An exact transcription of all the data is required, with every image removed.

• INPUT MATERIAL

★ ★ ★ ★ ★ ★ ★

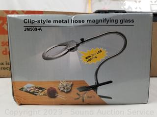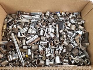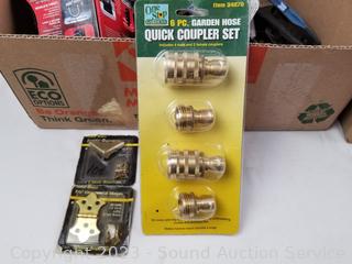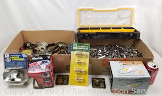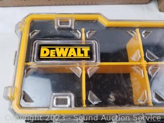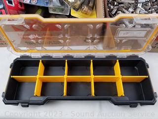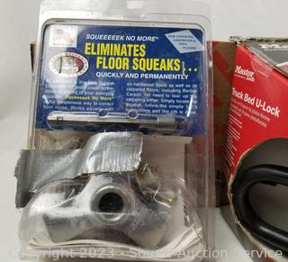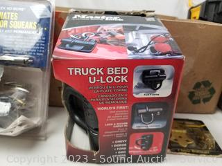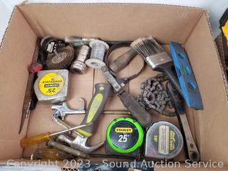 Lot Details: Truck Bed U-Lock, Articulating clamp magnifying glass, torpedo level, tape measures, paint brushes, DeWalt Organizer (2.5" x 6" x 16"), various sockets.
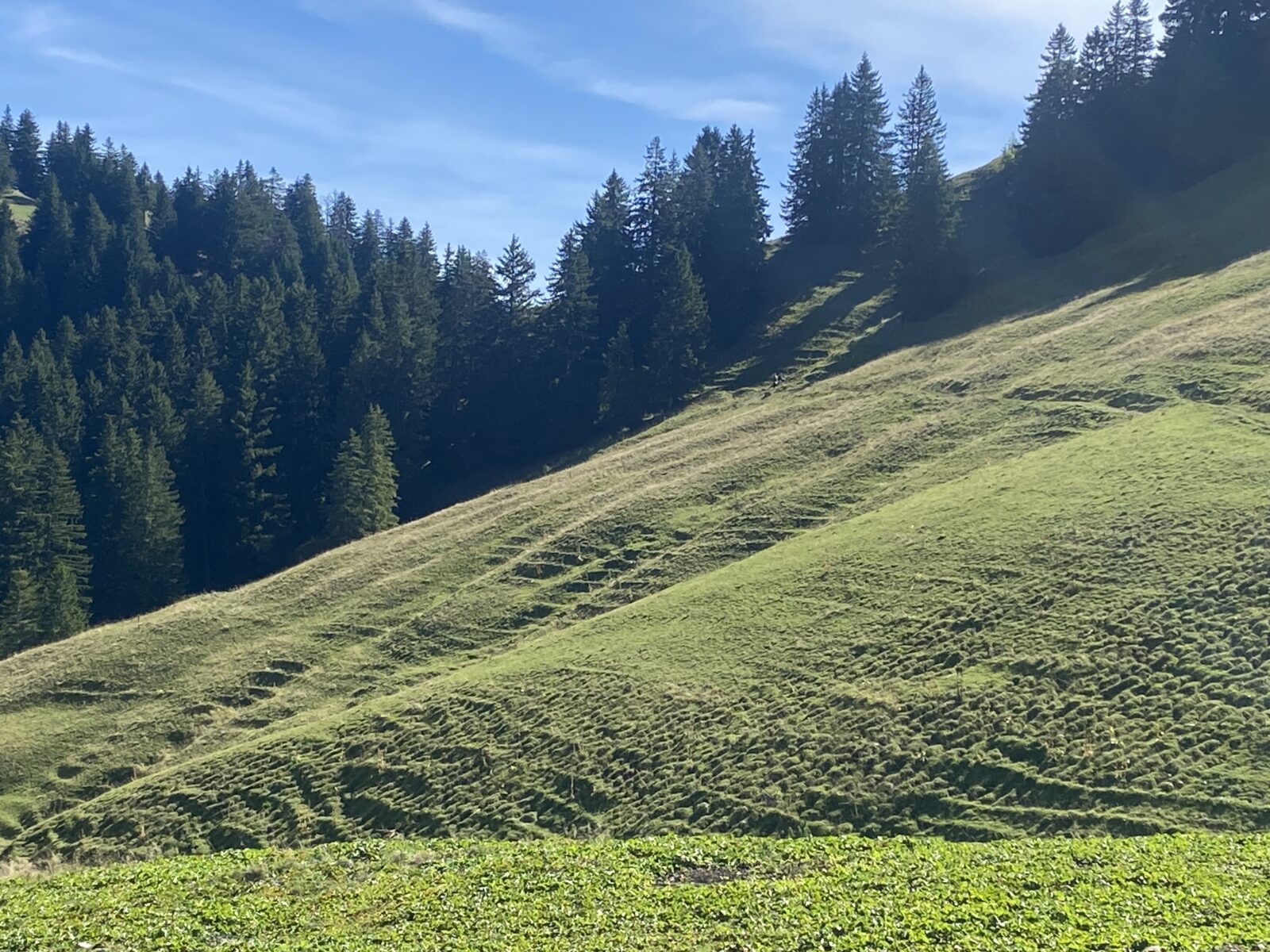 Gros Moléson est une bifurcation qui permet de monter au sommet, de retourner sur Plan Françey, Moléson Village ou de rejoindre la Vudalla. Autant dire qu’il y a de nombreuses possibilités de randonnées variées. Je descends à travers la forêt et croise une vétéiste dans l’autre sens qui pousse son vélo, quel courage. J’arrive à Challa, une autre buvette. Il est presque midi, je m’arrête pour manger un en-cas sans m’attarder, en effet, toutes les tables sont réservées.
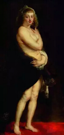 就鲁本斯个人而言,人文主义的追求,更多地体现在对情感的放纵与生命力的旺盛的赞颂,而并不在于人物内心的刻画或悲天悯人的倾诉。鲁本斯先后迎娶了两位绝色娇妻,以她们为模特创作了大量充满生命力的佳作。尤其是第二任妻子海伦娜,嫁给53岁的鲁本斯时年方二八,青春与美貌是海伦娜作为画家模特最好的资本,她那忽闪忽闪的大眼睛充斥着鲁本斯后期的创作,鲁本斯甚至将她化身为缪斯之神,留下了《披上毛皮的海伦娜·芙尔曼》这样的经典之作。海伦娜直视画外的观者,充满了自信,幽暗的背景衬托着明亮的人物造型,海伦娜侧身站在浴池旁边,红润饱满的肉体和吹弹可破的肌肤被鲁本斯恣意潇洒的笔触所强化,脚下的红色增添了画面的温暖感,在大面积深色的画面中显得华丽高贵,边缘线的暖色运用与之相呼应,让人物充满生气。
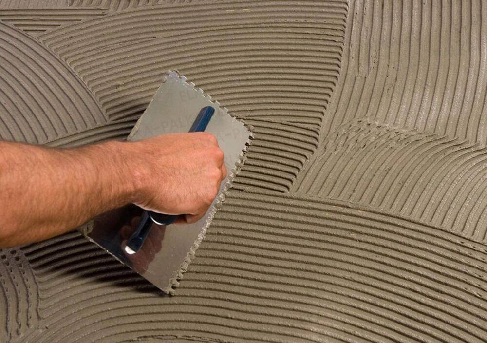 - Клей наносится равномерно обычным шпателем. После чего по клею нужно провести зубчатым шпателем.
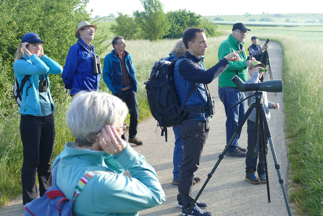 Nach zweijähriger Unterbrechung bot Eberhard Körner vom NABU Bretten am 22. Mai 2022 wieder eine Vogelexkursion an. Bei schönstem Frühlingswetter brach um 7:00 Uhr eine sehr interessierte Gruppe zu einer kleinen aber abwechslungsreichen Runde um und über den Bohnenberg bei Knittlingen auf. Abwechslungsreich waren dementsprechend auch die zu beobachtenden Vogelarten, was die kleine Auswahl der attraktivsten Arten wie Dorn- und Klappergrasmücke, Feldlerche, Goldammer, Neuntöter, Sumpfohrsänger, Gartenrotschwanz, Nachtigall, Mauersegler und Pirol belegt.

★ ★ ★ ★ ★ ★ ★

• YOUR RESPONSE
 Lot Details: Truck Bed U-Lock, Articulating clamp magnifying glass, torpedo level, tape measures, paint brushes, DeWalt Organizer (2.5" x 6" x 16"), various sockets.
 Gros Moléson est une bifurcation qui permet de monter au sommet, de retourner sur Plan Françey, Moléson Village ou de rejoindre la Vudalla. Autant dire qu’il y a de nombreuses possibilités de randonnées variées. Je descends à travers la forêt et croise une vétéiste dans l’autre sens qui pousse son vélo, quel courage. J’arrive à Challa, une autre buvette. Il est presque midi, je m’arrête pour manger un en-cas sans m’attarder, en effet, toutes les tables sont réservées.
 就鲁本斯个人而言,人文主义的追求,更多地体现在对情感的放纵与生命力的旺盛的赞颂,而并不在于人物内心的刻画或悲天悯人的倾诉。鲁本斯先后迎娶了两位绝色娇妻,以她们为模特创作了大量充满生命力的佳作。尤其是第二任妻子海伦娜,嫁给53岁的鲁本斯时年方二八,青春与美貌是海伦娜作为画家模特最好的资本,她那忽闪忽闪的大眼睛充斥着鲁本斯后期的创作,鲁本斯甚至将她化身为缪斯之神,留下了《披上毛皮的海伦娜·芙尔曼》这样的经典之作。海伦娜直视画外的观者,充满了自信,幽暗的背景衬托着明亮的人物造型,海伦娜侧身站在浴池旁边,红润饱满的肉体和吹弹可破的肌肤被鲁本斯恣意潇洒的笔触所强化,脚下的红色增添了画面的温暖感,在大面积深色的画面中显得华丽高贵,边缘线的暖色运用与之相呼应,让人物充满生气。
 - Клей наносится равномерно обычным шпателем. После чего по клею нужно провести зубчатым шпателем.
 Nach zweijähriger Unterbrechung bot Eberhard Körner vom NABU Bretten am 22. Mai 2022 wieder eine Vogelexkursion an. Bei schönstem Frühlingswetter brach um 7:00 Uhr eine sehr interessierte Gruppe zu einer kleinen aber abwechslungsreichen Runde um und über den Bohnenberg bei Knittlingen auf. Abwechslungsreich waren dementsprechend auch die zu beobachtenden Vogelarten, was die kleine Auswahl der attraktivsten Arten wie Dorn- und Klappergrasmücke, Feldlerche, Goldammer, Neuntöter, Sumpfohrsänger, Gartenrotschwanz, Nachtigall, Mauersegler und Pirol belegt.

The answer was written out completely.